▶ DIRECTIONS FOR THIS TASK
Give again, word for word, every line in the entries below from the line with "US President Barack Obama (R)" up to and including the line with "WASHINGTON, 25 Nov", and no other line.
##### SOURCE DATA #####
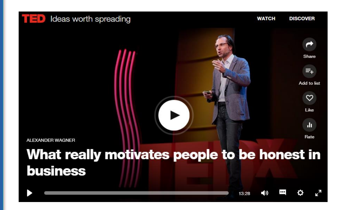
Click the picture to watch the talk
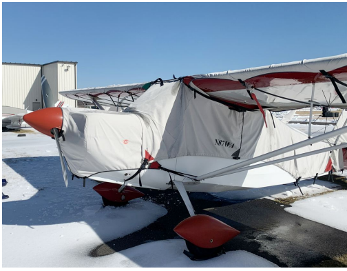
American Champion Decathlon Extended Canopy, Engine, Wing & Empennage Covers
#####
##### SOURCE DATA #####
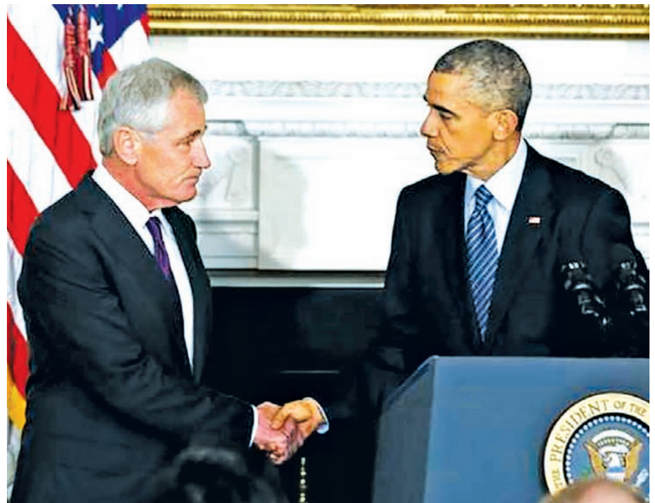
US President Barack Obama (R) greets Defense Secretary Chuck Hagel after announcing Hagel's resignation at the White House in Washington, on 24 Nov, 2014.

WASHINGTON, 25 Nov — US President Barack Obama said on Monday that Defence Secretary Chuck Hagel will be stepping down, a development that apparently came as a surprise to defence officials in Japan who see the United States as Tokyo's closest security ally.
#####
▶ RESPONSE TO THIS TASK
US President Barack Obama (R) greets Defense Secretary Chuck Hagel after announcing Hagel's resignation at the White House in Washington, on 24 Nov, 2014.

WASHINGTON, 25 Nov — US President Barack Obama said on Monday that Defence Secretary Chuck Hagel will be stepping down, a development that apparently came as a surprise to defence officials in Japan who see the United States as Tokyo's closest security ally.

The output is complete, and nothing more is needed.